About the ink, though. The ink can cost as much as the printer if the printer is used a lot, or the cartridges aren’t used enough to keep from drying out. This is no surprise to many folks. My solution was to print from anywhere else because using the ink was expensive and not using the ink meant having to buy new cartridges for just a few pages which is expensive. Thank you Sno-Isle Library System for letting me print stuff when money was the tightest. That’s also why I watch many people show up for work simply to use the printer. When I really needed good prints, I used professional services, anyway. (I shopped local for that, too. Fine Balance Imaging now known as Feather and Fox Print Co.)

Ah, but there are unofficial, supposedly generic, print cartridges that should work. A printer is a mechanical device with some logic built in. Why not go discount when trying to build a business and a career? The reason why not is that the companies making the printers can set things up that the printer may not accept the cartridges that aren’t theirs. So much for supporting small businesses. But, money was tight and risks had to be taken.

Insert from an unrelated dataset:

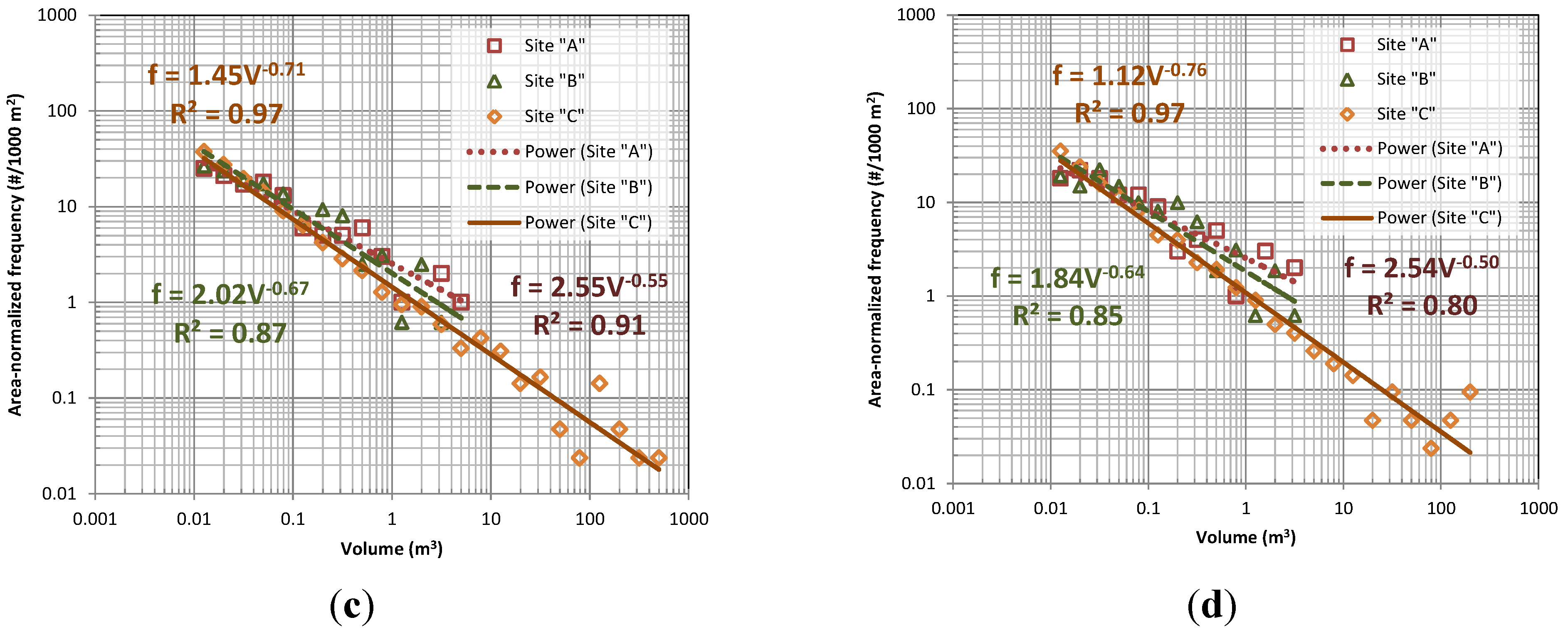 Comparison of magnitude-frequency relationships (2013 to 2014, 0.05 cm holes filled models) and power law regressions for each site, normalized to an equivalent 1000 m2 area based on events >0.001 m3 (a) with and (b) without hole filling and events >0.01 m3 (c) with and (d) without hole filling.

Something went wrong. First one printer, then the other failed. Help desks, forums, documentation, nothing brought them back. I won’t relay the details because there are too many, and why would I want to relive those anxieties?

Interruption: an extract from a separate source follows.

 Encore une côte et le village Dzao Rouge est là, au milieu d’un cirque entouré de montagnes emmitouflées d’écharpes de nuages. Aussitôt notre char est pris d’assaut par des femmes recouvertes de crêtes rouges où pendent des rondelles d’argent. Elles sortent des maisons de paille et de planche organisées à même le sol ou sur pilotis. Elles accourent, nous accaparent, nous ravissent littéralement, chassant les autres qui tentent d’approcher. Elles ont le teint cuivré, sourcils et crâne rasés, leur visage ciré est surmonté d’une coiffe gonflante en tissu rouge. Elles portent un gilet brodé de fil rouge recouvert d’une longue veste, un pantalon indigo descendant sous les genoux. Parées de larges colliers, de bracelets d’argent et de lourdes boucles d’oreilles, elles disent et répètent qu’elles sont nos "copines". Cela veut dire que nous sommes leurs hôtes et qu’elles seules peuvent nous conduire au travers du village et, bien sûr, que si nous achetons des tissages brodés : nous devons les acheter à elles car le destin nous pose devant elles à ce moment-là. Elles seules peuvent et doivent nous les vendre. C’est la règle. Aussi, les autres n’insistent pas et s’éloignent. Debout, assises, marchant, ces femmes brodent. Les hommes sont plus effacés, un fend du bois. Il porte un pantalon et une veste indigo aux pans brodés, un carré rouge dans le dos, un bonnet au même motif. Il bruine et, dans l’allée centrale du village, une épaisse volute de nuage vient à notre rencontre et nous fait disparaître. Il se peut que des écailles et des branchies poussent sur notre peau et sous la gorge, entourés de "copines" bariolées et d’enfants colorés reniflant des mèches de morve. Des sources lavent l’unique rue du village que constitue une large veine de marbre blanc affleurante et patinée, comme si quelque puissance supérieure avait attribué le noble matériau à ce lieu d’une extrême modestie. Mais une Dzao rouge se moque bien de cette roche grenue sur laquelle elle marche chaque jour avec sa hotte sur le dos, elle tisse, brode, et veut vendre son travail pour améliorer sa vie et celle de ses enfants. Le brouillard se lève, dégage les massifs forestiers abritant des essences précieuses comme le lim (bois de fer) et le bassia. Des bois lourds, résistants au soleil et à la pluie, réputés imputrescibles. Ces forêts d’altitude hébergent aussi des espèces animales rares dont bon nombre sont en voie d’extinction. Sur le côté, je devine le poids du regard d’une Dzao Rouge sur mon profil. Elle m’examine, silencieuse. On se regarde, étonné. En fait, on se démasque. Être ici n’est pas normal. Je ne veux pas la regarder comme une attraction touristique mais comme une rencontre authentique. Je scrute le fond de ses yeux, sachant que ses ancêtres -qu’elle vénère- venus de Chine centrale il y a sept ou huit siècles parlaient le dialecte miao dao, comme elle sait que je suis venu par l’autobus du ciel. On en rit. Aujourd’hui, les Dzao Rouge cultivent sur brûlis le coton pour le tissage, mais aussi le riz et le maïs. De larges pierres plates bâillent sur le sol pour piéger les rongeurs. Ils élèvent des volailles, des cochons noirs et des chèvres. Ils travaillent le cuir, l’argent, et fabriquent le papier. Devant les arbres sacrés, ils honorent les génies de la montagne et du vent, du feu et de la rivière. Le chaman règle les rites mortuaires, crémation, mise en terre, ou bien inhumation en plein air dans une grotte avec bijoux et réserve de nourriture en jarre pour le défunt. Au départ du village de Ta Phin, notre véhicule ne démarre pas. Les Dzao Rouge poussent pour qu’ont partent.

A new set of full-price, official, company-approved, printer-documentation recommended cartridges bought and installed. No good. Even the new cartridges weren’t enough to appease the offended printers. Two printers out of commission while the pandemic arrives and emphasizes my need to print.

The total cost of buying ink to try to revive the printers was the cost of a new printer.

Wake up and smell the ink.

My main business computers are Chromebooks. They’re cheap, er, inexpensive; and do almost everything full-service computers can do – as long as the Chromebook is connected to the internet. Handy having that fiberoptic service, eh?

So, I took the risk and bought a new printer, something that is supposedly compatible with something as new as a Chromebook. About $260, with ink. I admit to being anxious about it. Would it fail, too?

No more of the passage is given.